From the line that contains "G9SA Series Safety Monitoring Relays" down to the last line of the data below, restate every line word for word, skipping any images.

■ Data excerpt ■
[Start of section]
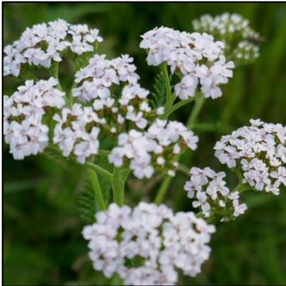
Gewöhnliche Schafgarbe ( Achillea millefolium )

Im Rahmen des „Moselprojekts“ unterstützen Winzerinnen und Winzer deren Ansiedlung mittels Ansaaten in den Steillagen-Rebflächen. So fördern sie die Artenvielfalt in der Flora und der assoziierten Fauna.
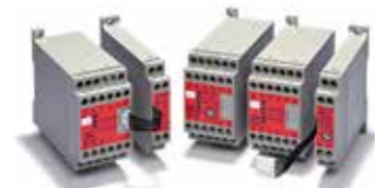
G9SA Series Safety Monitoring Relays
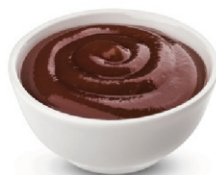
MOLHO BARBECUE BISNAGA 400G INVITA
[End of section]
■ Your solution ■
G9SA Series Safety Monitoring Relays
MOLHO BARBECUE BISNAGA 400G INVITA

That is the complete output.